Horgan declared a 14-day state of emergency on November 17 and requested assistance from the Canadian Armed Forces to aid with evacuation and restoration efforts. Tensions are high in the wake of a public order limiting those in affected areas to 30 litres of gas per station visit until December 1, and the rapid emptying of store shelves as a result of disrupted supply chains.

It quickly emerged that the government refused to activate the automated Alert Ready system to better prepare the population for the rains, despite forecasts well in advance of last week’s storm. In comparison, the Northwest Territories, with a fraction of BC’s population, has used the system four times this year to alert residents to important emergencies via a prominent smartphone message.

When widespread criticism erupted on social media to this revelation, Public Safety Minister Mike Farnworth crudely insulted his detractors as “experts on Twitter” who were not “on the ground dealing with the local situation and understanding the local conditions,” despite many of them being first responders and residents experiencing the storm firsthand.

Adding insult to injury, people who have lost or suffered damage to their homes can expect a measly $2,000 cheque from the provincial government, barely enough to fund a month’s rent for a modest apartment in BC’s major cities. The federal Liberal government, not to be outdone, announced as a ground-breaking initiative the waiving of a requirement for applicants to show a record of employment to file Employment Insurance claims.

The Liberal government handed Canada’s banks and corporations $650 billion in aid virtually overnight to improve profitability and shareholder dividends in the early stages of the pandemic.
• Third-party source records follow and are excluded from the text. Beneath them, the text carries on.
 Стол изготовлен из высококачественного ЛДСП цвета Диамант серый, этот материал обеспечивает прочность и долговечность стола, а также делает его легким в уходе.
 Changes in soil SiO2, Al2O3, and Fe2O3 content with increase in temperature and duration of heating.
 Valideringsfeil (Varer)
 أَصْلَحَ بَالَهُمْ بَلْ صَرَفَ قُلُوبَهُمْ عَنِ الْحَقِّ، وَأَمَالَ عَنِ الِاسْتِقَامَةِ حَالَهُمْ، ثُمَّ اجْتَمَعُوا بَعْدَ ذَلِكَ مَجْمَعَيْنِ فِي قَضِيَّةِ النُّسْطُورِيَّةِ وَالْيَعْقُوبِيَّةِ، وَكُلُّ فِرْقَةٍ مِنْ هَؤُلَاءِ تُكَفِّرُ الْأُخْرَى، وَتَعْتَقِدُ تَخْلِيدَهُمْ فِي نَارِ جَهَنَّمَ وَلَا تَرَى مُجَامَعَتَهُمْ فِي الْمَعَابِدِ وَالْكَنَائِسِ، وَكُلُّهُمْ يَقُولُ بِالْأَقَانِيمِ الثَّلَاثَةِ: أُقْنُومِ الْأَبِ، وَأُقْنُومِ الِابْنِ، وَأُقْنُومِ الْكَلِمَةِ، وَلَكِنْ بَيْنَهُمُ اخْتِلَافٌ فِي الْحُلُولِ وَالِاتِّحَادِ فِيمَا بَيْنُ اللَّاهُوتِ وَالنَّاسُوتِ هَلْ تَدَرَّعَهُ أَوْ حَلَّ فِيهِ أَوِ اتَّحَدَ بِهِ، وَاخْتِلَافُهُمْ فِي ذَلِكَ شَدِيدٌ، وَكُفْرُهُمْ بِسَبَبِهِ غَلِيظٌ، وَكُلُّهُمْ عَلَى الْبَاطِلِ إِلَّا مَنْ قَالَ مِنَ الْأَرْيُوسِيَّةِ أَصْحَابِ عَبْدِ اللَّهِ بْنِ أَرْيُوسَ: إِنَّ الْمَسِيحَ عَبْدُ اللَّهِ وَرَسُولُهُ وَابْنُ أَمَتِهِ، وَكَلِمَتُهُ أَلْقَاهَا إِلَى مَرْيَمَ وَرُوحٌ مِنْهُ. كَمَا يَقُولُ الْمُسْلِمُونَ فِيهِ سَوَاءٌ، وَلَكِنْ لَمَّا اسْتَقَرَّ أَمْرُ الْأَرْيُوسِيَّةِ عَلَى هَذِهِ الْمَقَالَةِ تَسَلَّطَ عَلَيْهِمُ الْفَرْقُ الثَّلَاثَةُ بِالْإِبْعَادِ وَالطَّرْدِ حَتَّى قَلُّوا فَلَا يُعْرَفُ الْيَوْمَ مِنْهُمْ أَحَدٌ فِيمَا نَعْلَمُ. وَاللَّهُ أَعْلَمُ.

This largesse helped Canada’s billionaires get $78 billion richer in 2020.

Beyond their immediate negligence, the Horgan NDP are guilty, just like their Liberal predecessors under Christy Clark, of willfully ignoring repeated scientific warnings of impending climate disasters. Meanwhile, Horgan has embraced efforts to build a liquefied natural gas pipeline to the west coast, as well as the logging of old growth forests.
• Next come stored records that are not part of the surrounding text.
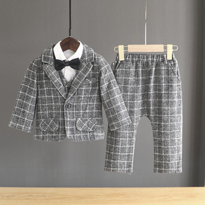 男童礼服秋冬新款格子西装套装宝宝花童婚礼主持演出服儿童小西服
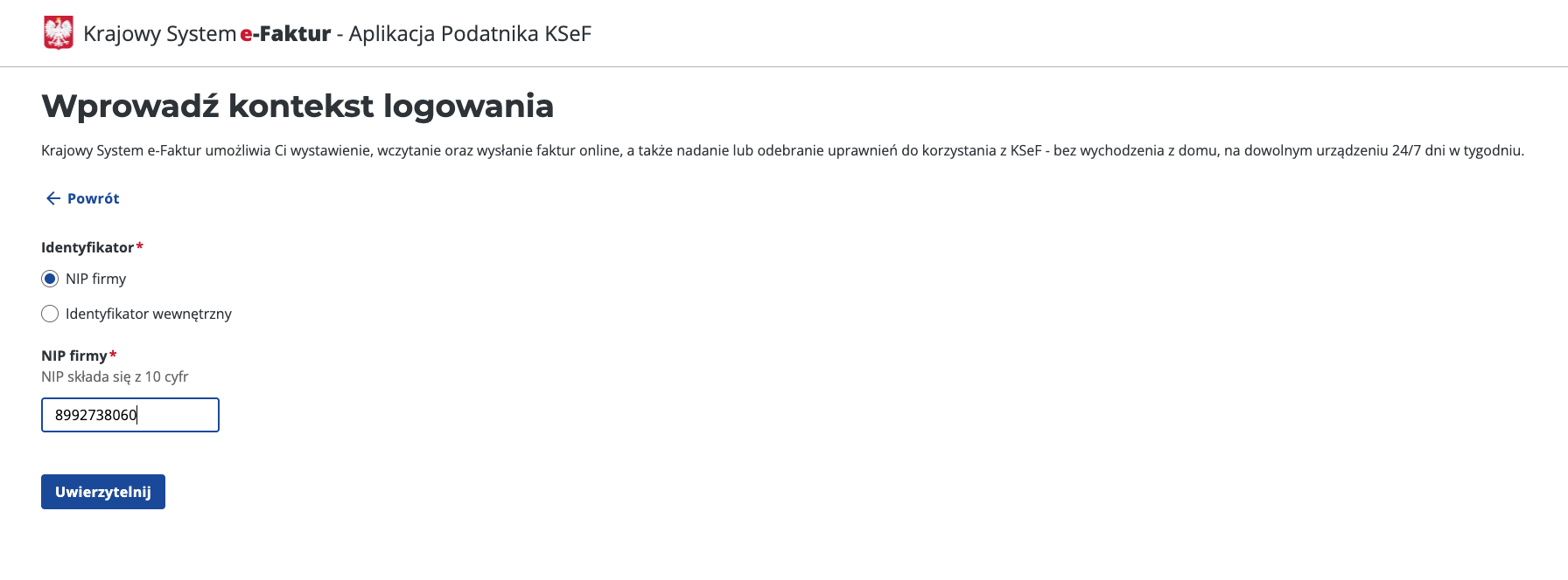 Wybierz opcję „Uwierzytelnij się w Krajowym Systemie e-Faktur”.
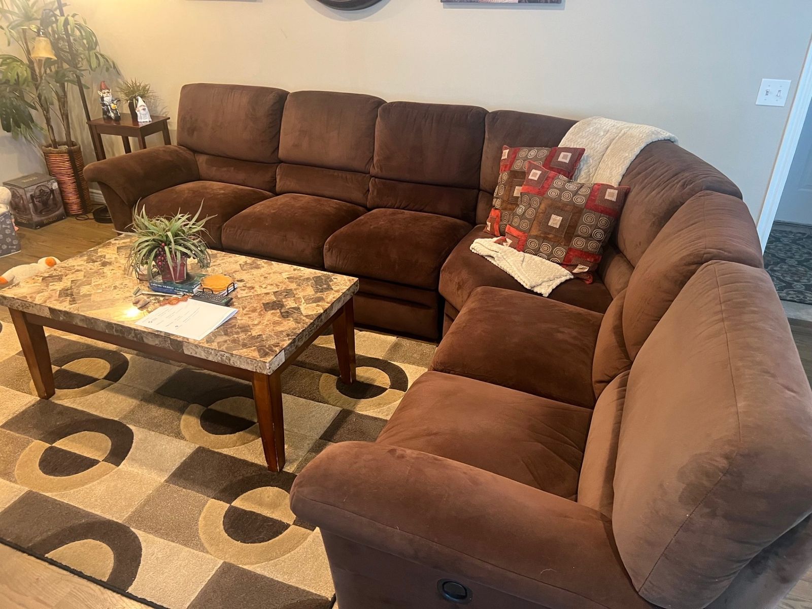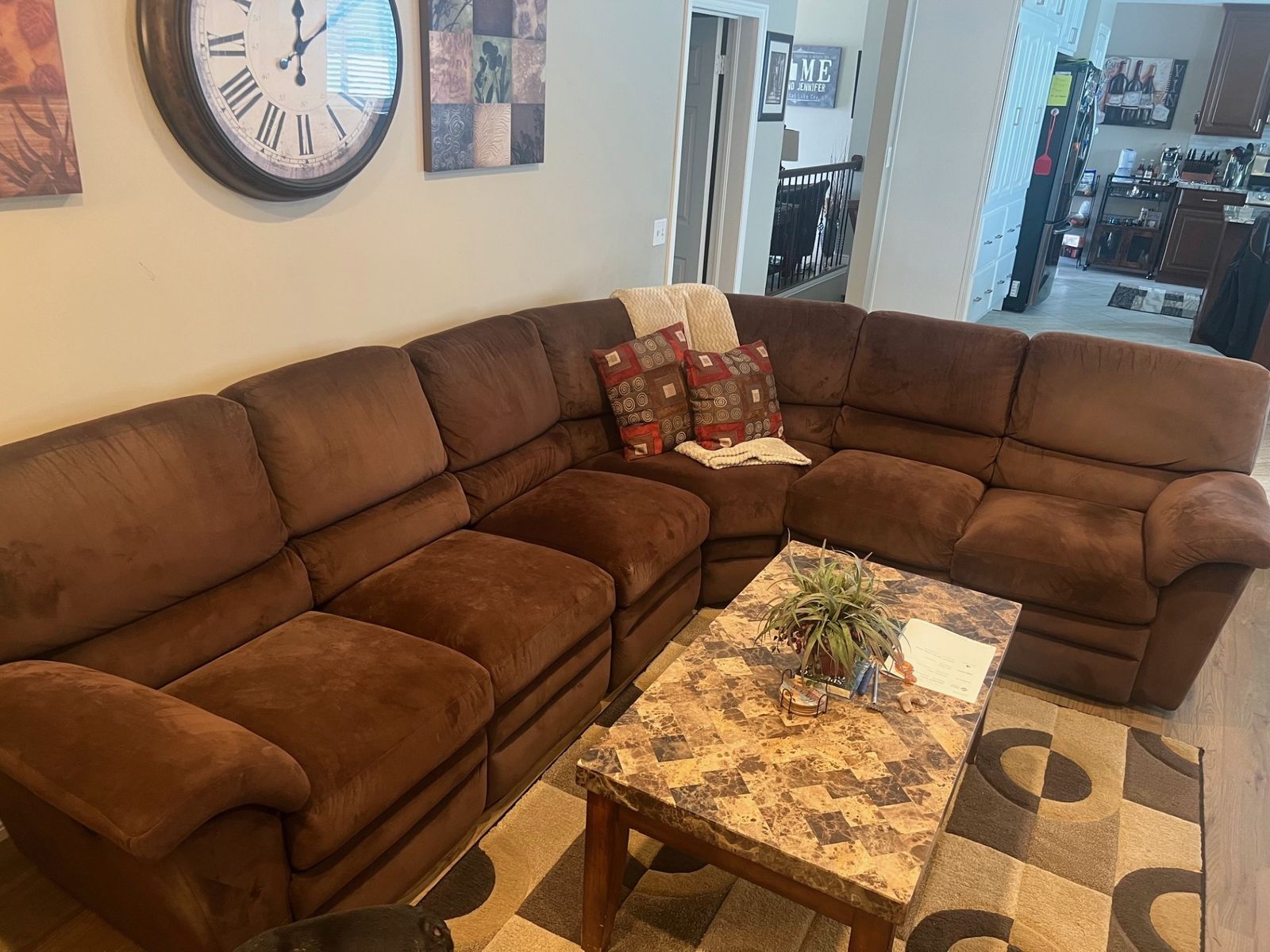 VenmoLarge 6 piece double reclining (both ends) sectional sofa that also has matching reclining chair. Chocolate brown microfiber, very nice condition, used but still has plenty of life left. Approx 120”X96” and 38” high.. recliner chair approx 44X36 . Pickup only and must bring helpto load. Cash or Venmo.

A 2020 study from Environment and Climate Change Canada asserted, like many studies before it, that climate change had made rainfall more extreme, and such storms more frequent. A report by the provincial government in 2015 found that 53 out of 75 dikes in the Lower Mainland region were vulnerable to breakdown. Three years later, the BC Auditor-General announced that the provincial government lacked an adequate plan to manage risks posed by climate change. Absolutely nothing has been done in the interim to address these concerns.
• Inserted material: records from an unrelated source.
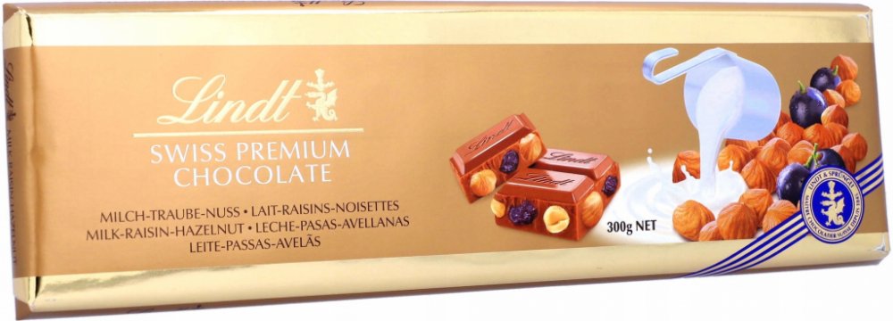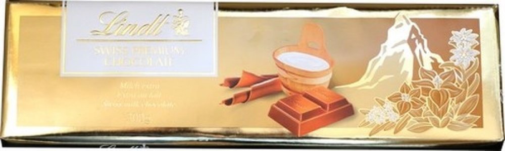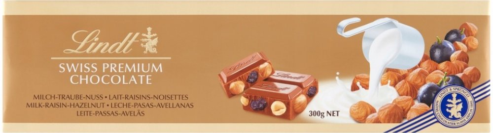 ZÁKONNÝ NÁZEV POTRAVINYŠvýcarská mléčná čokoláda. Obsah kakaové sušiny nejméně 31%.SLOŽENÍcukr, kakaové máslo, sušené plnotučné MLÉKO, kakaová hmota, laktóza, sušené odstředěné MLÉKO, emulgátor: SOJOVÝ lecitin, extrakt z JEČNÉHO sladu, aroma.ALERGENYMléko a výrobky z něj (včetně laktózy), MŮŽE OBSAHOVAT: Skořápkové plody a výrobky z nichVÝŽIVOVÉ ÚDAJE/JEDNOTKA2242 kJ /537 kcal
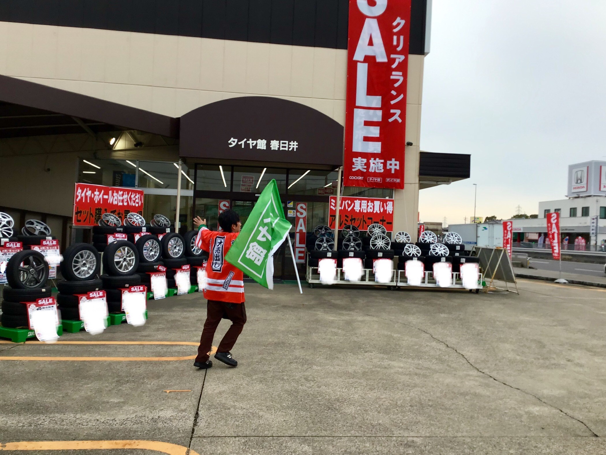 タイヤ館、春日井店です。
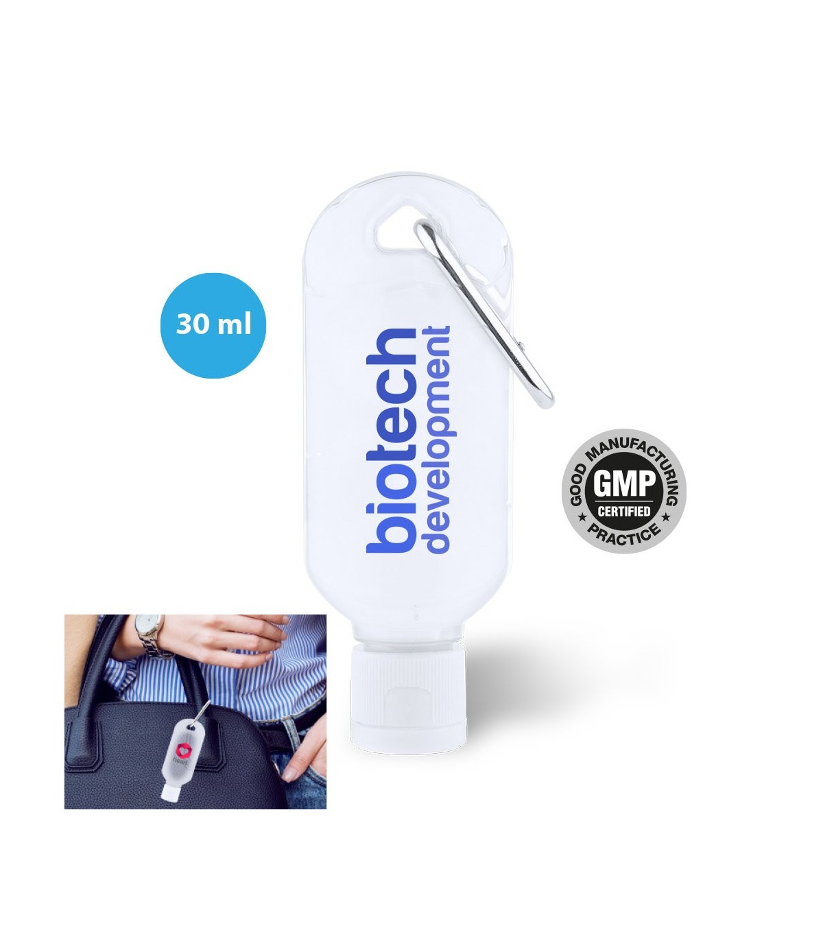 Gel hidroalcohólico para higiene y limpieza de la piel en bote rellenable de 30 ml. Cuerpo en color transparente, con dosificador, tapón de seguridad y mosquetón para transporte / fijación. Solución con 65% de contenido de alcohol. Artículo con certificación GMP (Good Manufaturing Practices / Normas de Correcta Fabricación) que garantiza el cumplimiento de rigurosas medidas de control para la obtención de un producto seguro y de calidad.
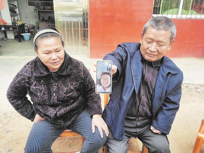 邹守华和妻子跟女儿视频通话 摄影:楚天都市报极目新闻记者高东起 刘微 邬晓芳 郑力强

The rapid pace of environmental disasters BC has witnessed in just one year include a heat dome in June that led to the deaths of over 600 vulnerable residents, a devastating summer season of wildfires precipitated by the heat dome and an ensuing drought, and now a season of flash floods and mudslides that is far from over.

Like the COVID-19 pandemic that continues to rage, all questions of protecting the health, lives, and homes of ordinary people are subordinated by the NDP and capitalist governments around the world to the corporate drive for profit and the enrichment of a tiny financial oligarchy. Such a system of mass death and endless greed is incapable of responding to climate change, the pandemic, and other major social problems. Working people must take up a struggle to replace it with a workers’ government committed to socialist policies.